The range of the key interest rate increases to 4.75–5.00 percent. The decision was unanimous.
of the United States the central bank announces that it will continue to tighten monetary policy.
It raises its key interest rate by 0.25 percentage points, which corresponds to investors’ prior expectations. As a result of the decision, the interest rate range is 4.75–5.00 percent. The last time the policy rate was as high was in 2007.
The Open Market Committee, which decides on monetary policy, was unanimous. It justifies its solution with rapid inflation.
The average estimate of the members of the Open Market Committee is that the appropriate upper limit of the policy interest rate range would be 5.1 percent this year. This is a hint that the central bank may tighten monetary policy one more time this year. Estimates are not promises, however.
Director general Jerome Powell explains the decision in more detail at the press conference.
Last times, investors have pondered whether the central bank should abandon interest rate hikes due to instability. It would have been a bold decision and probably raised suspicions that the central bank assessed the turmoil in the financial markets to be greater than known.
“The US banking system is stable and sustainable. Recent developments are likely to tighten credit conditions for households and businesses and weigh on economic activity, hiring and inflation. The extent of these effects is uncertain,” the Open Market Committee states in its statement.
Due to the increased interest rates, financing from banks is no longer available on as favorable terms as before, which curbs inflationary pressure. When financing is more expensive than before, it can force customers to withdraw their deposits, and banks are quickly in trouble.
In addition to this, the values of the long-term bonds on the banks’ balance sheets decrease as a result of the rise in interest rates, which means that banks that have taken a large risk are in trouble. Especially if they have not purchased interest rate protection for their bond investments.
A year during the period, the central bank has tightened monetary policy nine times and resorted four times to an exceptionally large interest rate increase of 0.75 percentage points.

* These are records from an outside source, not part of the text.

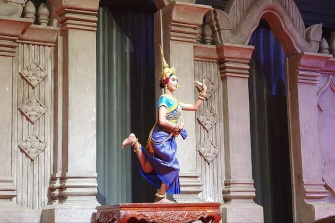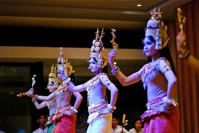 Disfruta de platos clásicos Khmer en un buffet animado de Siem Reap antes de dejarte llevar por una danza Apsara—trajes dorados, movimientos lentos y relatos ancestrales en cada gesto. Incluye recogida y regreso en tuk-tuk al hotel para que solo te preocupes por sumergirte en los ritmos camboyanos y vivir una noche inolvidable.
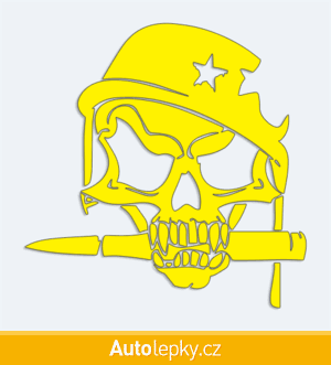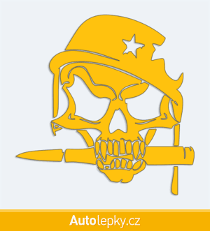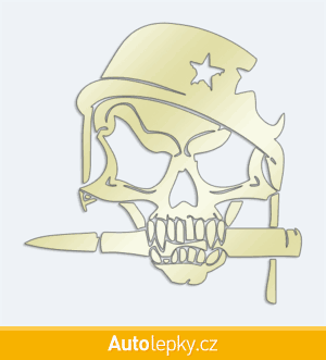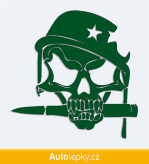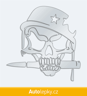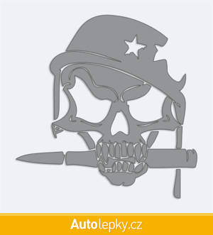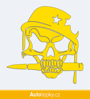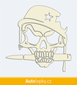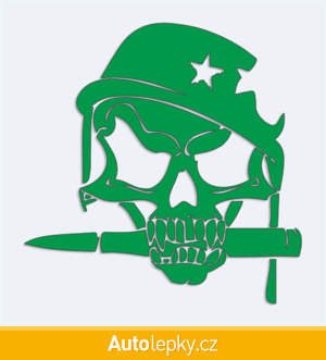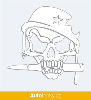 Nálepku lebka vojáka na auto vyrábíme ve 40 barvách a mnoha velikostech. Minimální rozměr samolepky je 12.8×13 cm, katalogové číslo 6229. Nálepka lebka vojáka na auto je vyrobena z kvalitní samolepicí fólie s životností 3-5 let.
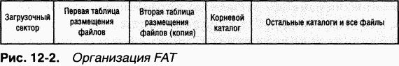 Том FAT делится на несколько областей (рис. 12-2). Таблица размещения файлов (file allocation table, FAT), от
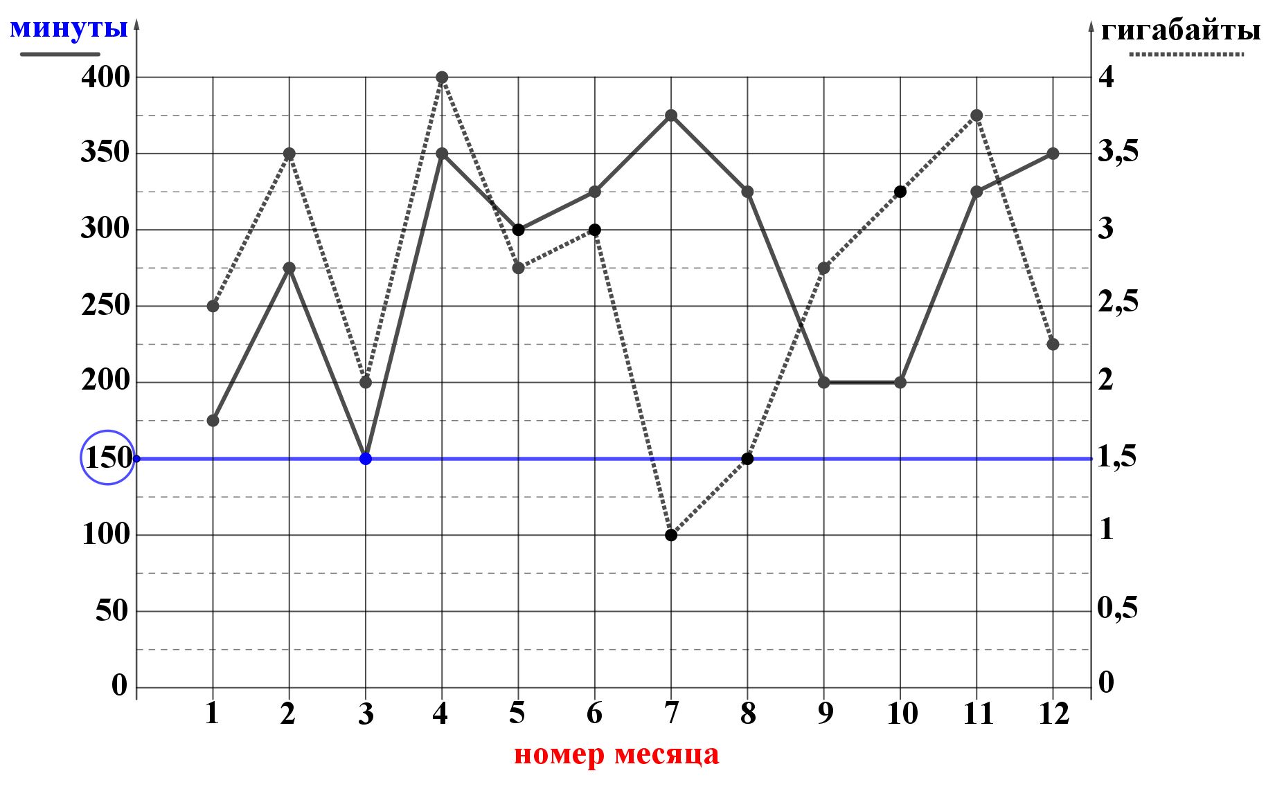 Месяцы, когда продолжительность исходящих вызовов составляла \(\displaystyle \color{blue}{150}\)минут, соответствуют вершинам сплошной ломаной, лежащим на этой прямой.

The root cause of the tightening of monetary policy is rapid inflation, which many economists consider the most significant threat to the US and Eurozone economies.
Due to the rapid increase in prices, the real income of households shrinks and the costs of companies increase, which means that consumption and production decrease.
In February, the inflation rate in the United States was 6.4 percent. According to the central bank’s price stability objective, inflation must be two percent on average over a long period of time.
On Wednesday in the published new economic forecast, the central bank estimates that the economy will grow by 0.4 percent this year and 1.2 percent next year and 1.9 percent in 2025.
It predicts that inflation will slow to 3.3 percent this year, 2.5 percent next year, and 2.1 percent in 2025.
In the United States, in addition to the energy crisis, inflation has been accelerated by a strong fiscal policy stimulus that was started during the worst phase of the coronavirus pandemic. The stimulus has increased the imbalance between supply and demand.
The economy is also overheated, as the demand for labor is greater than the supply. In this case, employers have to compete for labor with wage increases. They, on the other hand, are apt to accelerate inflation.
Monetary policy by tightening, the central bank tries to bring demand and supply into better balance, as a result of which inflation slows down over time.
The fastest rate of inflation was last year in July, when consumer prices rose by 9.1 percent from a year ago.
The tightening of monetary policy usually starts to slow down the rate of inflation after six months and reaches its full effect in a good year.